A rare and endangered porpoise could go extinct in four years without stepped-up enforcement measures, new research suggests.
Vaquita, a rare breed of porpoise that live off the coast of Mexico, have been dying in droves because the animals are getting caught in fishing nets. Now, a new study shows that governments are doing little to protect the endangered marine mammals against illegal fishing nets.
The vaquita, or Phocoena sinus, can be found in the Gulf of California, off the coast of Mexico. The animals have winsome faces with a distinctive look.
“They look like they’re wearing dark lipstick and mascara,” said Rebecca Lent, executive director of the Marine Mammal Commission, an independent federal agency that aims to protect and conserve marine mammals.
The smallest type of porpoise, the vaquita reaches just 4 to 5 feet in length and is typically difficult to spot.
“These vaquita porpoises are very shy. They hardly ever appear,” Lent told Live Science. “Most of the ones we have are ones that came up dead in fishing nets.”
Considered to be a critically endangered porpoise, conditions are only getting worse, according to the International Union for Conservation of Nature. A July 2014 report used the animals’ acoustic calls to estimate that fewer than 100 vaquita’s still live in the wild. The cetaceans have a baby just once every other year, and the most recent report suggest the population has dropped 18.5% just in the last year.
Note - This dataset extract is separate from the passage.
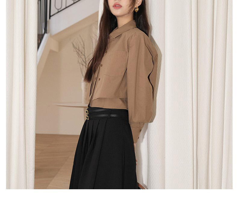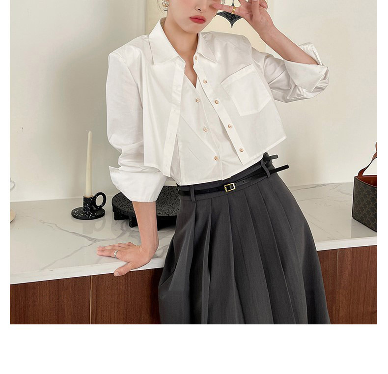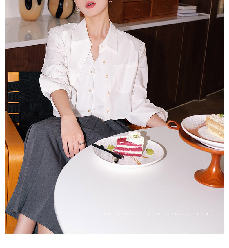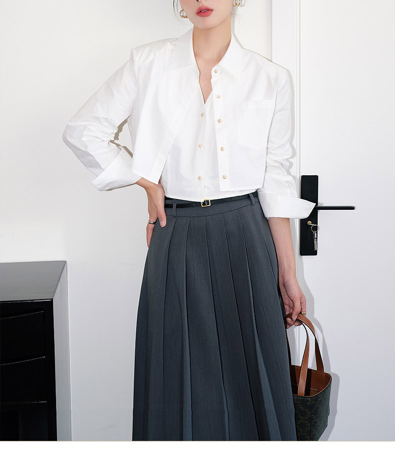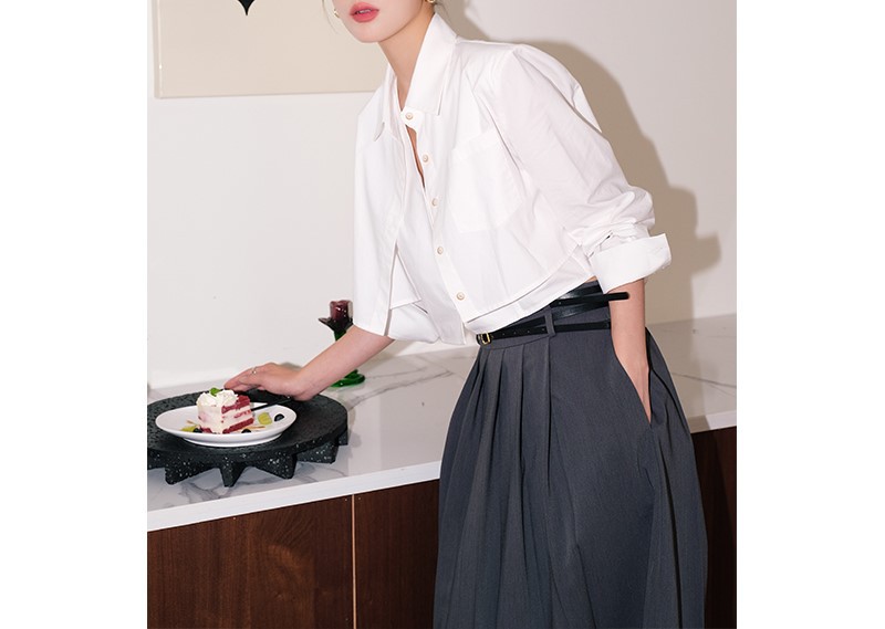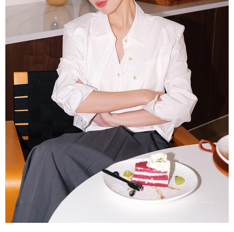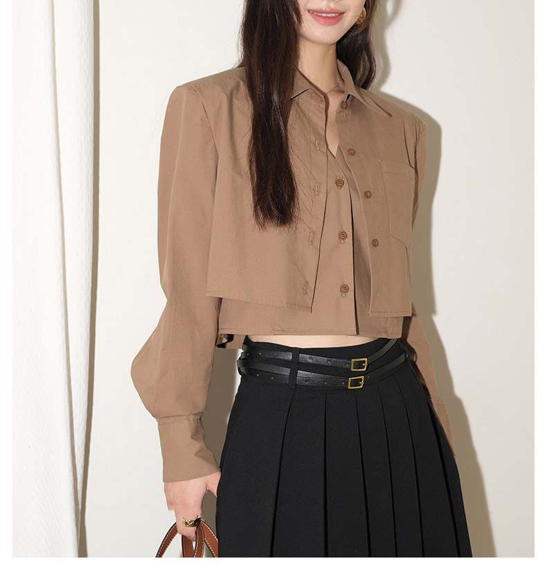 포시즌 웨어러블 화이트 셔츠 여성용 디자인 센스 틈새 쇼트 한국식 통근셔츠 캐주얼 긴팔 가짜 투피스 탑

The main culprit behind the demise of vaquita’s is the rise of illegal fishing, according to the report. Boats hunting for an endangered fish known as the totoaba, prized in China for the supposed medicinal properties of its swim bladder, have taken to using gill nets, a type of vertical net that traps fish by their gills.
“It’s essentially a wall across the environment,” said Peter Thomas, International and Policy Program director for the Marine Mammal Commission “It’s not visible to the vaquita,” Thomas told Live Science. As a result, the vaquita’s get entangled in these nets.
“We’re really down to the wire now” to save the vaquita, Lent told Live Science. “We really only have a couple of years.”